While compensatory damages are designed to compensate the victim, the purpose of punitive damages is to punish the wrongdoer for engaging in the conduct which caused the injury. In some states, the punitive damage award is placed into a state-controlled pool to help victims of crime, etc. In Tennessee, the victim actually receives the punitive damage award. So, if punitive damages are awarded in your case, then you will receive that money in addition to your compensatory damage award.
Because punitive damages are quasi-criminal in nature, a heightened burden of proof is required to establish entitlement to punitive damages. The burden of proof is best defined as the amount of evidence necessary to win your case. For punitive damages, the burden of proof is clear and convincing evidence (rather than the preponderance of the evidence required for compensatory damages). While clear and convincing evidence is a greater burden of proof than preponderance of evidence, it is not quite as high as the burden of proof required in a criminal case (beyond a reasonable doubt).
In addition, punitive damages can only be awarded if you prove the wrongdoer acted recklessly, knowingly, maliciously or intentionally. It is not enough to simply prove negligence.
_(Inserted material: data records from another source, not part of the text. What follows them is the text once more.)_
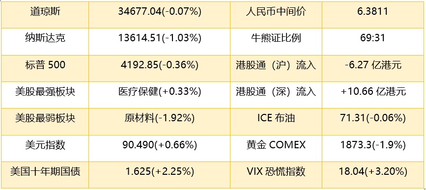 1、 隔夜美股截至收盘,道琼斯指数收盘下跌23.40点,跌幅0.07%,报34576.98点;标普500指数收盘下跌14.32点,跌幅0.34%,报4193.80点;纳斯达克综合指数收盘下跌141.82点,跌幅1.03%,报13614.51点。港股ADR指数也跌,按比例计算,收报28907点,跌58.90点或0.20%。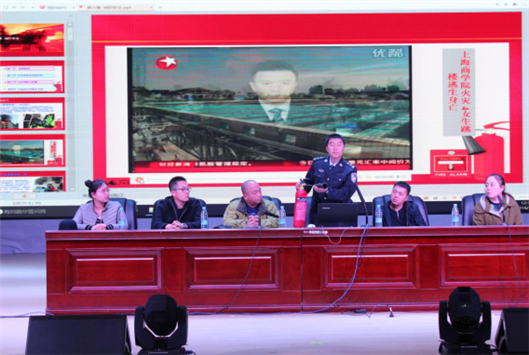 保卫处副处长霍震作了安全教育专题报告。报告结合实际案例,从安全防火、防盗、防诈骗等方面向学生普及了安全知识,介绍了电信诈骗和网络诈骗的特点和手段,传授了识骗、防骗的方法。他还做了现场示范,为同学们讲解了消防灭火器的使用方法。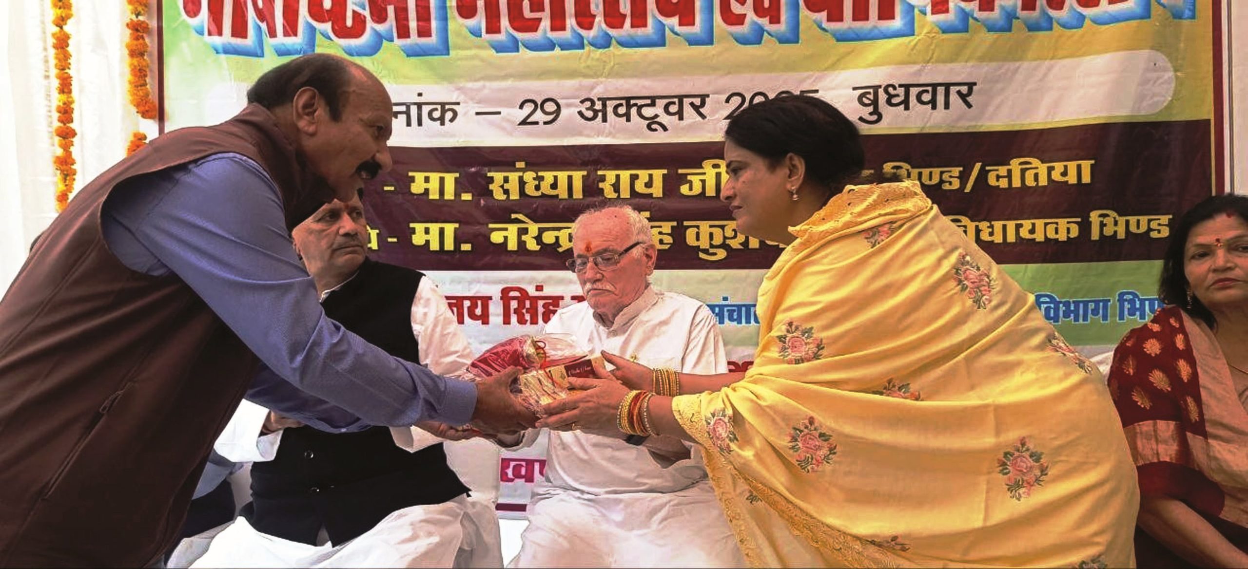 भिण्ड, 29 अक्टूबर। गौ ग्रास के लिए व्यवस्था करना प्रत्येक सनातनी का कर्तव्य है, परंपरा के अनुसार हमारे घरों में भोजन पूर्व एक रोटी निकालने की प्रथा चल रही है, हमें इसे और गति देनी होगी, जन-जन को गौरा के लिए एक अंश दान करना होगा तब जाकर हमारी गौ माता का पेट भर सकेगा। यदि हमने भी मन में ठान लिया तो गौ माता को दर दर नहीं भटकना पड़ेगा। यह बात विधायक नरेन्द्र सिंह कुशवाहा ने गोपाष्टमी के पावन पर्व पर गोपाल गौशाला में मुख्य अतिथि की हैसियत से कही उन्होंने कहा कि शासन स्तर पर शीघ्र गौ अभ्यारण की योजना अमल में लाई जाएगी। उन्होंने गोपाल गौशाला की प्रबंधन में 51 हजार की राशि भी भेंट की।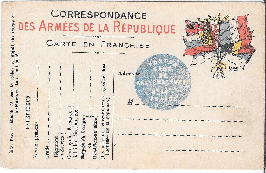 Le courrier militaire est trié puis il transite vers le bureau frontière concerné d’où il quitte le domaine public pour entrer dans la zone des armées, notamment avec l’aide d’un bureau centrale militaire créé à Paris. Ensuite le courrier est prit en charge par la Trésorerie et la poste aux armées. Ce courrier est distribué par les vaguemestres militaires. Par le décret du 03/08/1914, la franchise postale est accordée aux militaires et aux familles de soldats pour les plis de moins de 20g.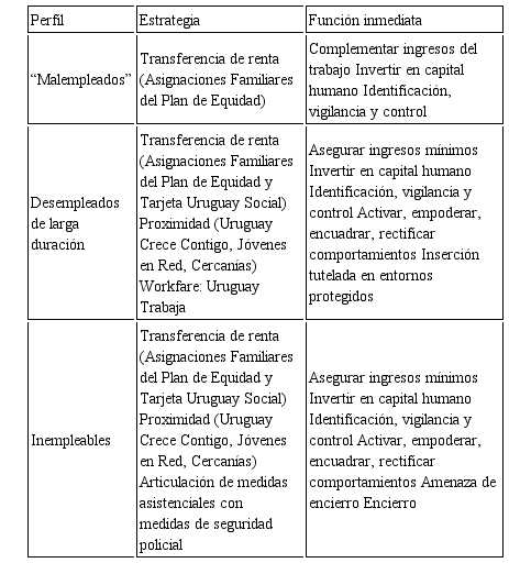 Los desempleados de larga duración y los inempleables configuran un perfil que “pone en duda la capacidad de los instrumentos tradicionales de fomento a la empleabilidad porque tienden a centrarse en franjas de población menos vulnerables y menos pobres” (Jara et al., 2013:11). Ambos grupos configuran el perfil de la denominada “población MIDES”3 y de acuerdo al discurso institucional, su problemática sería tan específica que demandaría otro repertorio de intervenciones, entre las que se cuentan las transferencias monetarias, las metodologías de proximidad y/o la vieja y siempre latente represión de las clases peligrosas.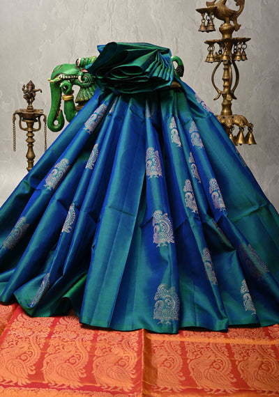 Peacock Blue Dual tone Borderless Kanjivaram Soft Silk Saree with Floral Buttas and Contrast Pallu | SILK MARK CERTIFIED
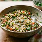 This is a perfect crowd-pleasing recipe to throw together on a whim. A few minutes of veggie chopping and can opening, stir it all together and dig in. So versatile, too! This black-eyed pea salad is super yummy with chips as a dip, makes a delicious topping for eggs, salad or tacos and even works well as a fresh tasty side salad.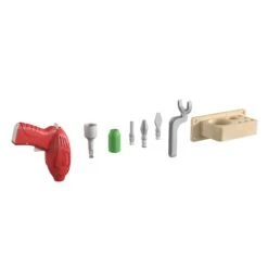 Simple engineering is made fun with this 8 piece tool and holder set. Pair with our 512 piece screw accessory pack and let kids explore their creative side while also improving their manual dexterity and fine and gross motor skills. The working drill is sure to be a favorite with it’s rotating bit and realistic sounds. The interchangeable tips fit both the screwdriver and drill for multifunctional use. Keeping the tools and accessories organized and close at hand is simple with the included holder that easily affixes to your STEAM wall panel with pegs or screws. Encourage collaborative play and teamwork when you give students a building project to complete together. The drill operates with 2 AA batteries (not included) for hours of fun. To clean, wipe with a damp cloth.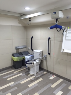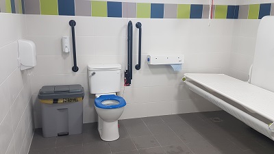 FACILITIES: Bench – Height Adjustable, Adult Sized, Free Standing | Hoist – Ceiling | Peninsular Toilet | Height Adjustable Washbasin | Non-Slip Floor | Floor Space (sq. m) – 11 | Emergency Alarm | Privacy Screen | Paper Roll Radar Key | Managed | Locked | Colostomy Shelf
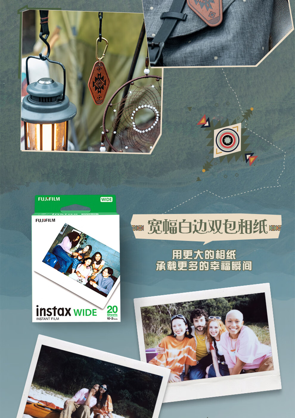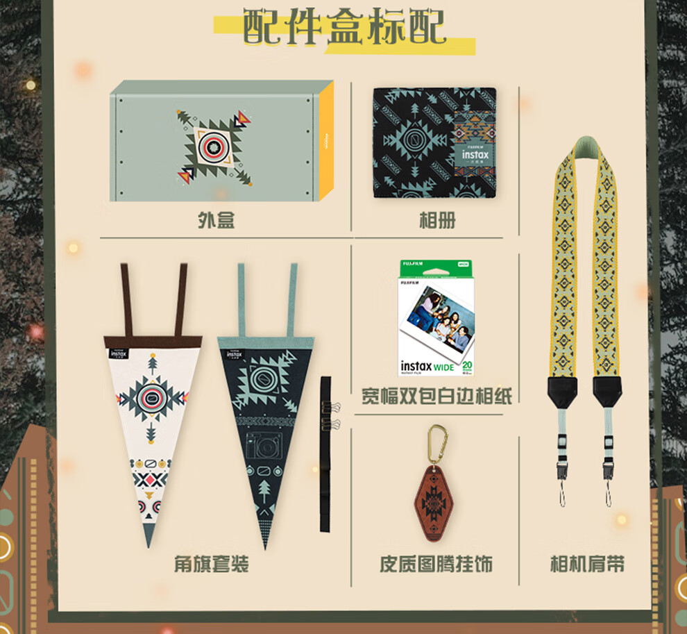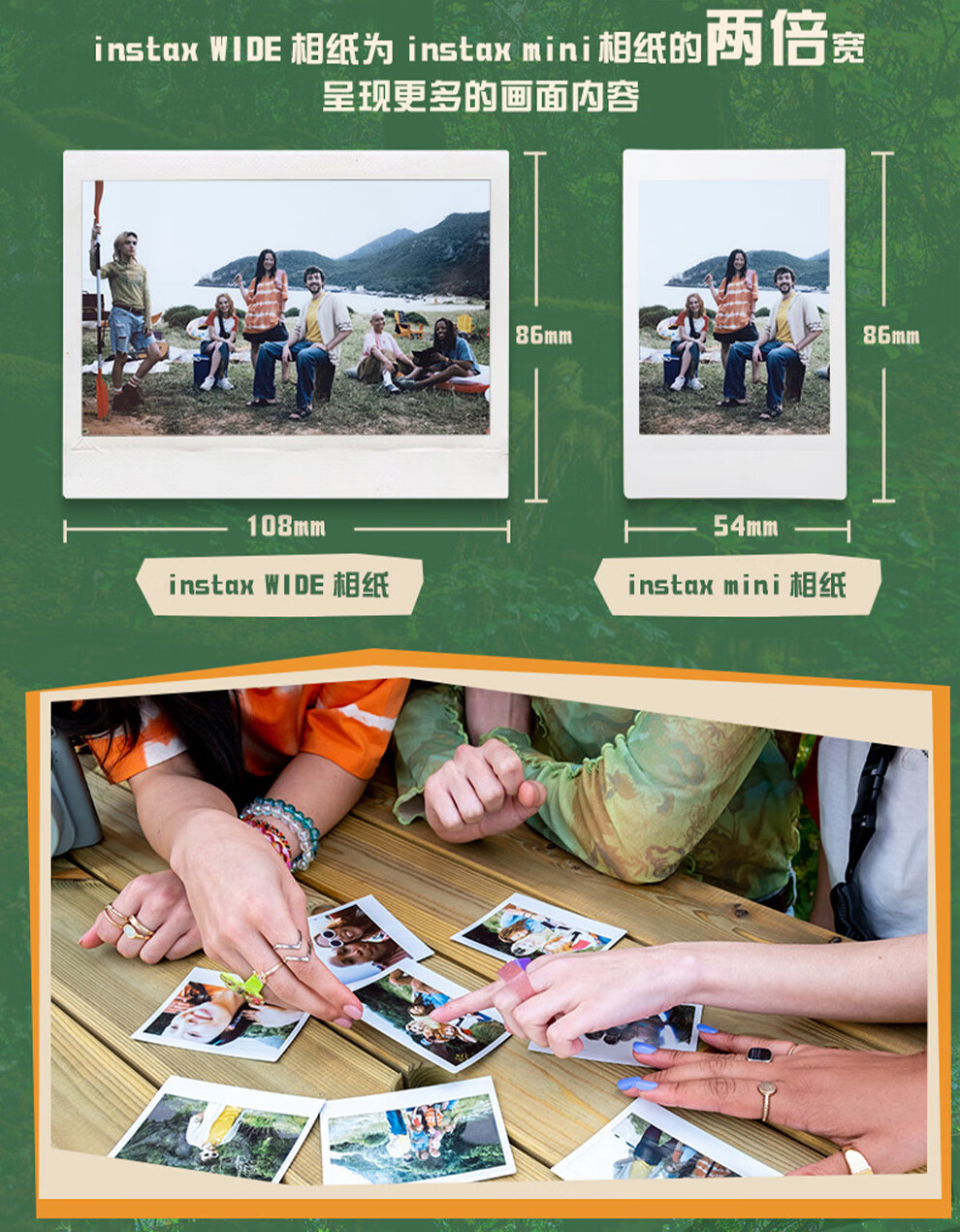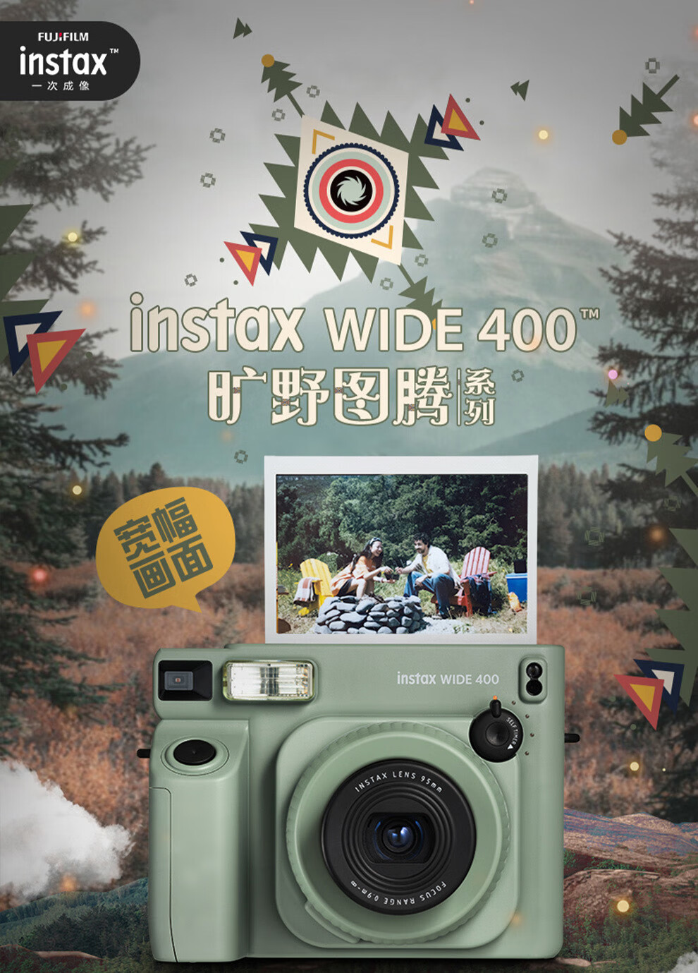Fuji (FUJIFILM) instax wide400 w400 one-shot wide-format instant camera uses 5-inch photo paper W400 wilderness green + base + peripheral accessories, a total of 40 pieces of photo paper, official standard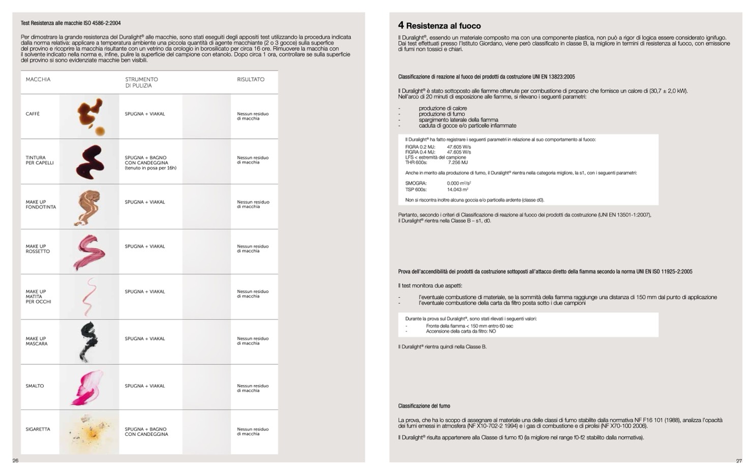 Dai test effettuati presso l’Istituto Giordano, viene però classificato in classe B, la migliore in termini di resistenza al fuoco, con emissione
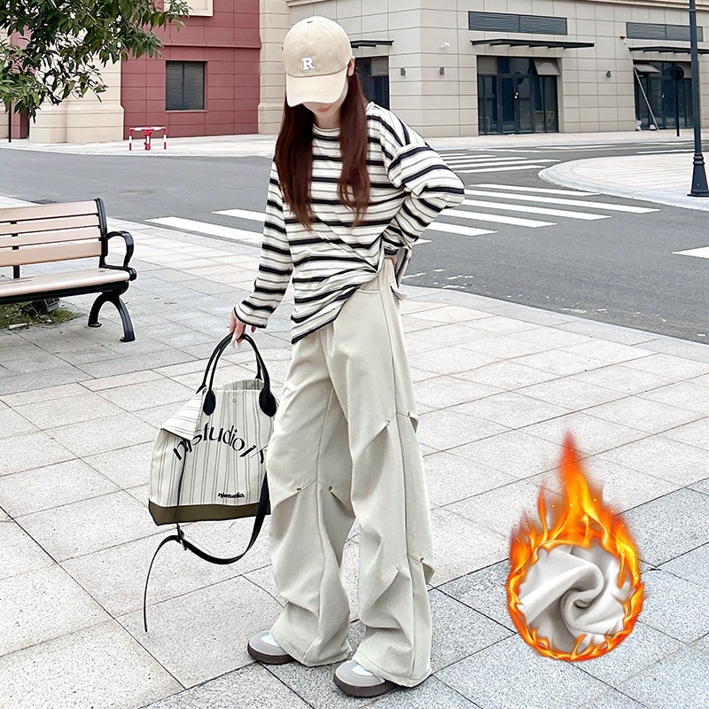 春 ロングパンツ レディース ノーマルタイプ 裏起毛 パンツ カーゴパンツ ワイドパンツ 体型カバー 着痩せ ゆったり 韓国ファッション ロングパンツ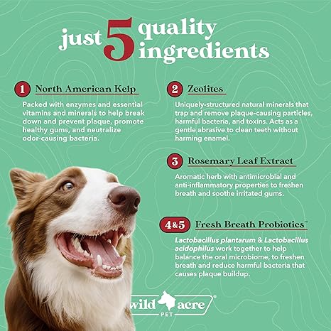 Wild Acre Dental Powder for Dogs - Dog Breath Freshener Dental Powder for Teeth Cleaning Plaque Off, Dental Care for Dogs, Tartar Remover for Teeth - Fresh Breath Probiotics
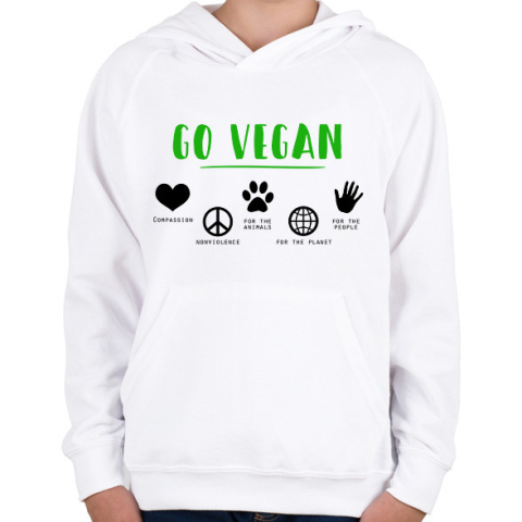 1 kép PRINTFASHION Go vegan - Gyerek kapucnis pulóver - Fehér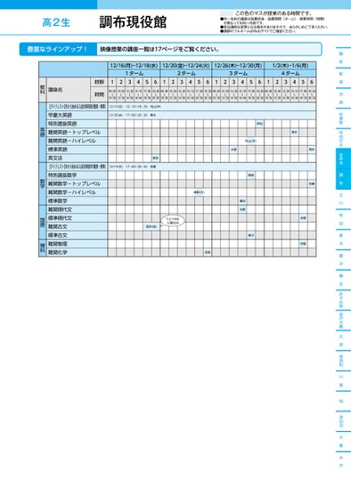 ●同一名称の講座は設置校舎・設置期間(ターム)・授業時間(時限)が異なっても同一内容です。●担当講師は変更になる場合がありますので、あらかじめご了承ください。●講師のフルネームはWebサイトでご確認ください。この色のマスが授業のある時限です。高2生麹町新宿池袋秋葉原自由が丘吉祥寺調布立川町田厚木藤沢横浜あざみ野金沢文庫大宮南浦和川越柏津田沼千葉水戸12/16(月)~12/18(水)12/20(金)~12/24(火)12/26(木)~12/30(月)1/2(木)~1/6(月)1ターム2ターム3ターム4ターム12345612345612345612345609:00〜10:3010:50〜12:2013:20〜14:5015:10〜16:4017:00〜18:3018:50〜20:2009:00〜10:3010:50〜12:2013:20〜14:5015:10〜16:4017:00〜18:3018:50〜20:2009:00〜10:3010:50〜12:2013:20〜14:5015:10〜16:4017:00〜18:3018:50〜20:2009:00〜10:3010:50〜12:2013:20〜14:5015:10〜16:4017:00〜18:3018:50〜20:2012/15(日)15:10~18:30内山(洋)12/25(水)17:00~20:20青木岡本12/19(木)17:00~20:20佐藤村青木内山(洋)内山(洋)大島窪田川野岡田貴川12/18は5限のみ酒井(完)高梨(大)安東青木佐藤本間宇都時限時間講座名教科【ダイジェスト】冬から始める入試対策英語(難関・標準)早慶大英語特別選抜英語難関英語-トップレベル難関英語-ハイレベル標準英語英文法【ダイジェスト】冬から始める入試対策数学(難関・標準)特別選抜数学難関数学-トップレベル難関数学-ハイレベル標準数学難関現代文標準現代文難関古文標準古文難関物理難関化学英語数学国語理科調布現役館●2024年度/冬期講習/東日本/調布/高2生/パターン14452024_57_3_367_32_20240710190600.csv/1ページ校了時削除

Punitive damage law is complex, but the award-winning attorneys at The Law Offices of John Day, P.C. are experienced in successfully handling punitive damage issues. We are proud of the results we have achieved for our clients and we would like to help you and your family too. If you or a loved one has been injured, and you would like to discuss your case, contact us online or call us at 615-742-4880 or toll-free at 866.812.8787. We handle all injury and wrongful death cases on a contingency basis which means we only get paid if we recover money for you.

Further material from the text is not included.